What to produce: Write out the data exactly as given, dropping every picture.

The data:

*** Begin section ***

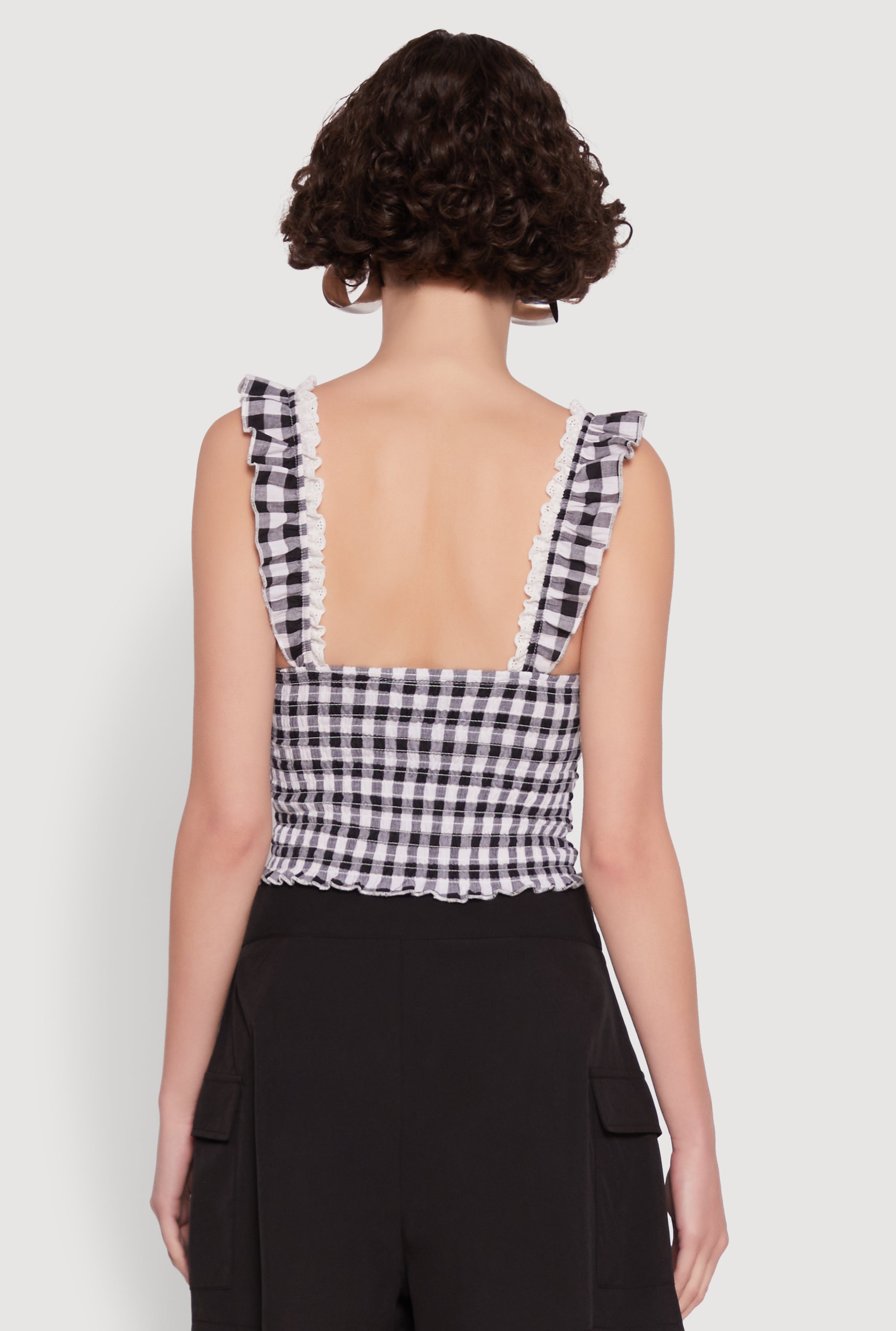 Discover the perfect blend of playful charm and effortless style with our Chic Lace Trim Gingham Smocked Blouse. Featuring a classic gingham pattern and delicate lace details, this sleeveless top is your new go-to for sunny days or casual outings. Its timeless silhouette and sweetheart neckline make it flattering for all body types, while the cropped hem adds a modern twist. Whether you're dressing up or keeping it casual, this blouse is designed to make you look and feel amazing.
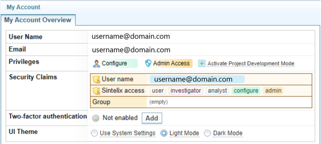 your privileges, indicating your assigned role (Investigator, Analyst or Configurer) and if you have Admin Access (see Roles and Access Levels).
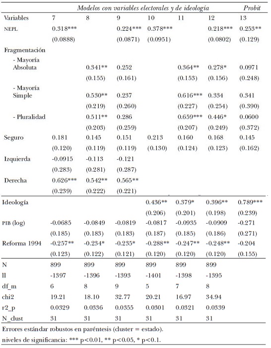 Creemos que estos resultados son interesantes tanto empírica como teóricamente: ¿exactamente por qué y en qué es más (o menos) importante la alternancia que el margen de victoria y el gobierno dividido? ¿Qué efectos tienen estas distintas expresiones de la competencia política en las percepciones y los incentivos de los políticos? Si el NEPL es lo que tiene un efecto más consistente, ¿habría entonces que buscar reformas que lo aumenten?, por ejemplo, ¿reformas electorales que favorezcan la representación proporcional? Estas preguntas, que han sido relativamente poco exploradas, quedan para investigaciones futuras; nuestro artículo motiva a pensar que vale la pena examinarlas.28

*** End section ***

Solution to this task:
 Discover the perfect blend of playful charm and effortless style with our Chic Lace Trim Gingham Smocked Blouse. Featuring a classic gingham pattern and delicate lace details, this sleeveless top is your new go-to for sunny days or casual outings. Its timeless silhouette and sweetheart neckline make it flattering for all body types, while the cropped hem adds a modern twist. Whether you're dressing up or keeping it casual, this blouse is designed to make you look and feel amazing.
 your privileges, indicating your assigned role (Investigator, Analyst or Configurer) and if you have Admin Access (see Roles and Access Levels).
 Creemos que estos resultados son interesantes tanto empírica como teóricamente: ¿exactamente por qué y en qué es más (o menos) importante la alternancia que el margen de victoria y el gobierno dividido? ¿Qué efectos tienen estas distintas expresiones de la competencia política en las percepciones y los incentivos de los políticos? Si el NEPL es lo que tiene un efecto más consistente, ¿habría entonces que buscar reformas que lo aumenten?, por ejemplo, ¿reformas electorales que favorezcan la representación proporcional? Estas preguntas, que han sido relativamente poco exploradas, quedan para investigaciones futuras; nuestro artículo motiva a pensar que vale la pena examinarlas.28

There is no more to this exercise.